Methylated retrotransposon promoters and imprinting control regions are bound by TRIM28 and O-GlcNAcylated proteins. (A) Representative ChIP-seq data showing colocalization of O-GlcNAc and TRIM28 at IAPEz retrotransposons. The 5′ LTRs that contain the U3 promoter region and the Gag region are cooccupied by O-GlcNAcylated proteins and TRIM28. Type I is a 7-kb full-length element containing three ORFs (e.g., Gag, Prt, and Pol); type I∆1 has a deletion of Prt and part of Gag, resulting in a single ORF that encodes a novel GAG-POL fusion protein. IAPEz type I∆1 is the most highly reactivated subtype after removal of O-GlcNAc at LTRs (Fig. 4E). Similar strong reactivation of IAPEz I∆1 is observed in both Dnmt1−/− and Trim28−/− cells (SI Appendix, Fig. S1B). (B) TRIM28 and O-GlcNAc cooccupy all subtypes of LTRs. In contrast, DNA transposons, which are inactive in the mouse genome, are not occupied by TRIM28 or O-GlcNAcylated proteins. ChIP-seq signal of O-GlcNAc corresponds to the ratio of the mean of ChIP triplicates to the mean of input duplicates. ChIP-seq signal of TRIM28 is the ratio of the mean of ChIP duplicate to IgG control. Transposon subfamilies were categorized according to RepeatMasker annotation. (C) Genome browser views of ChIP-seq data showing cooccupancy of TRIM28 and O-GlcNAc at the indicated ICRs. The Kcnq1ot1, Peg3, and Impact ICRs are maternally methylated; Dlk1/Gtl2 ICR (also known as IG-DMR) is paternally methylated. (D) TRIM28 and O-GlcNAcylated proteins are bound to all ICRs. ChIP-seq signals are the same as in B. ICR sequences were from ref. 46; TRIM28 ChIP-seq data were from ref. 45.
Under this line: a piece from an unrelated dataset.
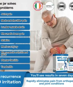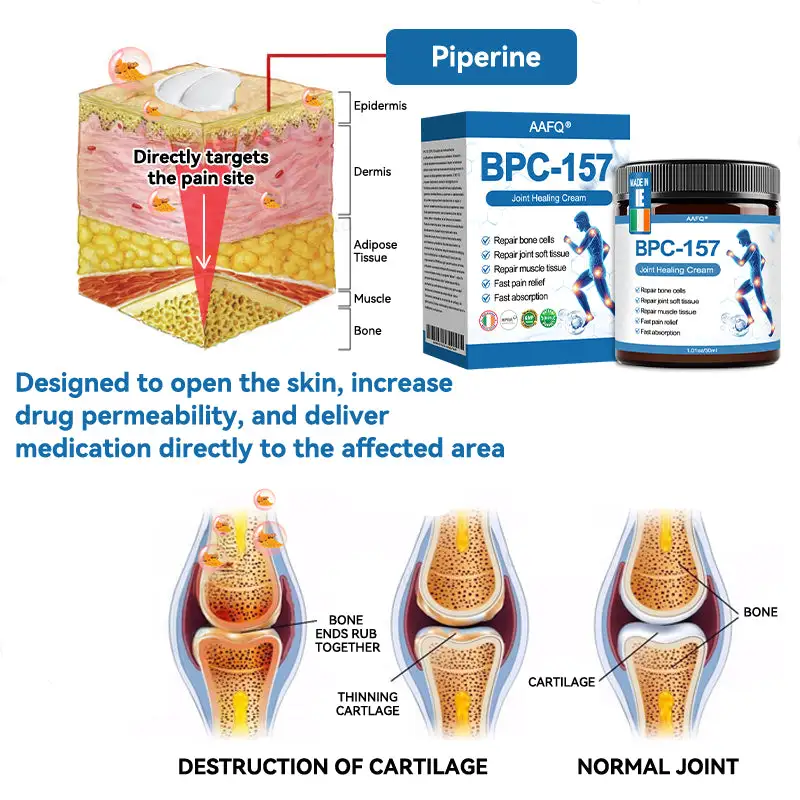 AAFQ® BPC-157 Joint Healing Cream provides fast pain relief and safely and effectively resolves up to 99% of symptoms of orthopedic problems such as osteoarthritis. rheumatoid arthritis. bursitis. tendinitis and osteoporosis in 2 weeks. helping achieve full recovery.No matter the type of arthritis you have—whether it’s osteoarthritis. rheumatoid arthritis. bursitis. tendinitis. osteoporosis. gout. carpal tunnel syndrome. ligament sprains and strains. bunion deformities. or tennis elbow—our product is formulated to treat and alleviate the pain associated with all these conditions.

Imprinting control regions (ICRs), which depend on DNA methylation for allele-specific expression (5), were inspected for occupancy by TRIM28 and O-GlcNAc. As shown in Fig. 2C, major ICRs recruited peaks of both TRIM28 and O-GlcNAc. All ICRs tested were enriched in either TRIM28 or O-GlcNAcylated proteins; the large majority was enriched in both (Fig. 2D).

Genome Demethylation Causes Loss of O-GlcNAc from Proteins Complexed with TRIM28.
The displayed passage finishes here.